The Cache Store in Clean Stack is designed with flexibility and efficiency in mind:

  1. Abstraction: The core CacheStore interface abstracts the caching logic, allowing different cache providers to be used interchangeably.
  2. Provider-Agnostic: By accepting a CacheProvider as a parameter, the implementation supports various caching solutions (Redis, Memcached, in-memory, etc.) without changing the core logic.
  3. Invalidation Groups: The store implements a group-based invalidation mechanism, allowing efficient invalidation of related cache entries.
  4. Statistics Tracking: Built-in statistics help monitor cache performance and usage.

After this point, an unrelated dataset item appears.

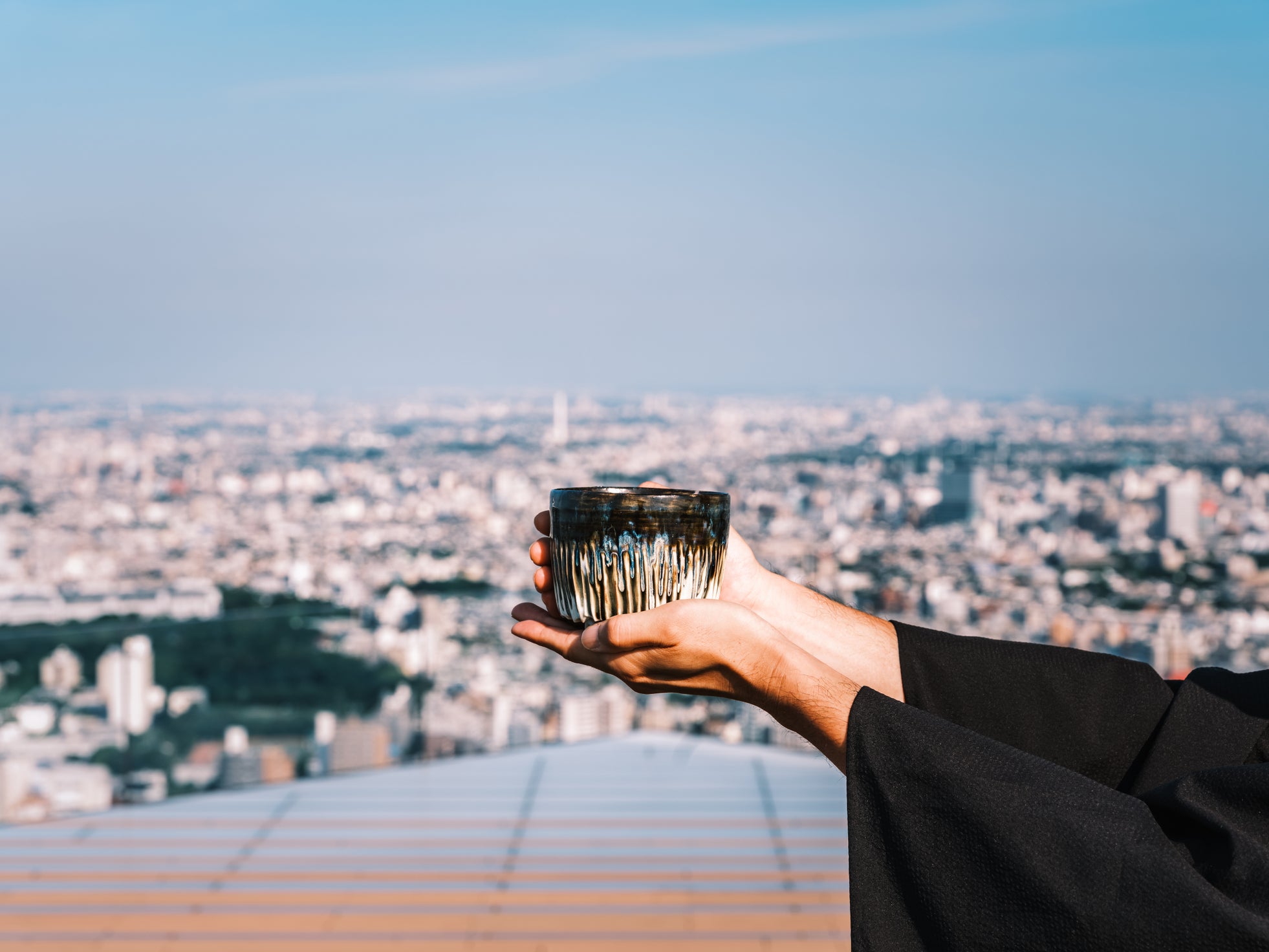 陶芸家・茶人の山田翔太さんとともに、茶盌を選び、実際に自分でお茶を点てることで、五感を通して自分だけの“みたて”に気づく体験です。都会の絶景と静かな時間で、直感をそっと磨いてみませんか。

Cache Provider as a Parameter

The CacheProvider is passed as a parameter to the createCacheStore function, offering several advantages:

  1. Flexibility: Users can choose the most suitable caching solution for their needs (Redis, Memcached, in-memory, etc.).
  2. Testability: It's easier to mock the cache provider in unit tests.
  3. Dependency Injection: This design follows the dependency injection principle, improving modularity and maintainability.

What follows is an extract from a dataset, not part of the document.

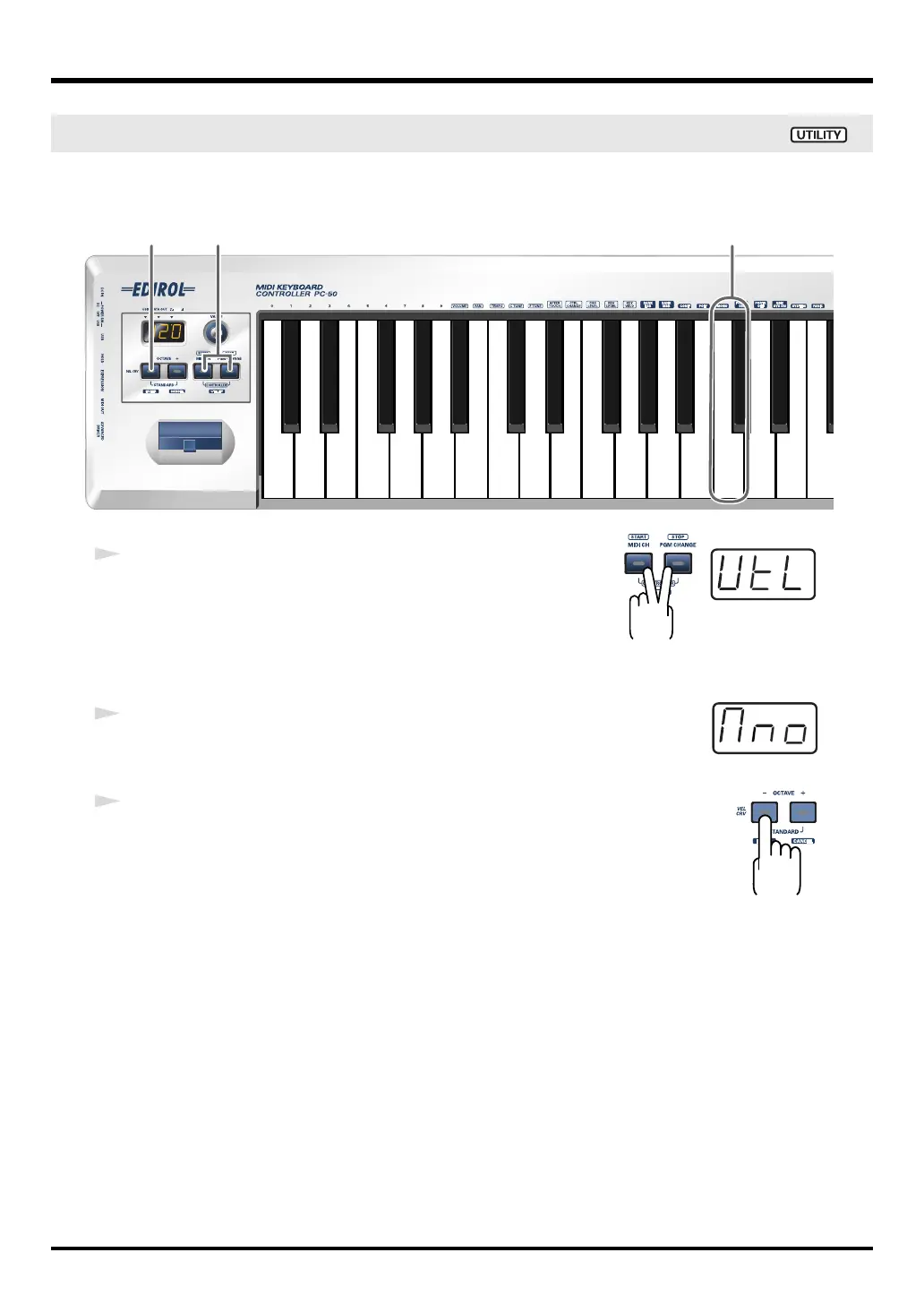 The display will indicate “UTL,” and the PC-50 enters UTILITY

Significance of Invalidation Groups

Invalidation groups are a powerful feature of this cache implementation:
  1. Efficient Bulk Invalidation: Related cache entries can be invalidated together, useful for complex data relationships.
  2. Fine-grained Control: Allows selective invalidation without clearing the entire cache.
  3. Consistency Management: Helps maintain data consistency across related cache entries. ::: Usage example:
await cacheStore.addOrReplace('user:1', userData, { groups: ['users', 'active-users'] });
// Later, invalidate all user-related caches:
await cacheStore.invalidateGroup('users');

Using the Cache Store with a REST API

To use this cache store with a REST API and Redis provider:

  1. Create a Redis provider:

    import { RedisClientType } from 'redis';
    import { CacheProvider } from '../cache';

    export function gerRedisCacheProvider(client: RedisClientType): CacheProvider {
    return {
    set: async (key: string, value: string, ttl?: number) => {
    await client.set(key, value, { EX: ttl });
    },
    get: async (key: string) => {
    return await client.get(key);
    },

    delete: async (key: string) => {
    await client.del(key);
    },
    deleteManyKeys: async (keys: string[]) => {
    await client.del(keys);
    },
    clear: async () => {
    await client.flushAll();
    },
    getAllKeys: async () => {
    return await client.keys('*');
    },
    };
    }
  2. Set up the Redis client and cache provider:

    import { createClient } from 'redis';
    import { getRedisCacheProvider } from './redisCacheProvider';
    import { createCacheStore } from './cacheStore';

    const redisClient = createClient({ url: 'redis://localhost:6379' });
    await redisClient.connect();

    const redisCacheProvider = getRedisCacheProvider(redisClient);
    const cacheStore = createCacheStore(redisCacheProvider);
  3. Use in API routes:

    app.get('/users/:id', async (req, res) => {
    const userId = req.params.id;
    const cacheKey = `user:${userId}`;

    // Try to get from cache
    let userData = await cacheStore.get(cacheKey);

    if (!userData) {
    // If not in cache, fetch from database
    userData = await fetchUserFromDatabase(userId);
    // Cache the result
    await cacheStore.addOrReplace(cacheKey, JSON.stringify(userData), { ttl: 3600, groups: ['users'] });
    } else {
    userData = JSON.parse(userData);
    }

    res.json(userData);
    });
  4. Invalidation example with group key users:

    app.post('/users', async (req, res) => {
    // Create user in database
    const newUser = await createUserInDatabase(req.body);

    // Invalidate user-related caches
    await cacheStore.invalidateGroup('users');

    res.json(newUser);
    });

This implementation provides a flexible, efficient, and powerful caching solution for Clean Stack, enhancing performance and scalability while maintaining ease of use and adaptability to different caching backends.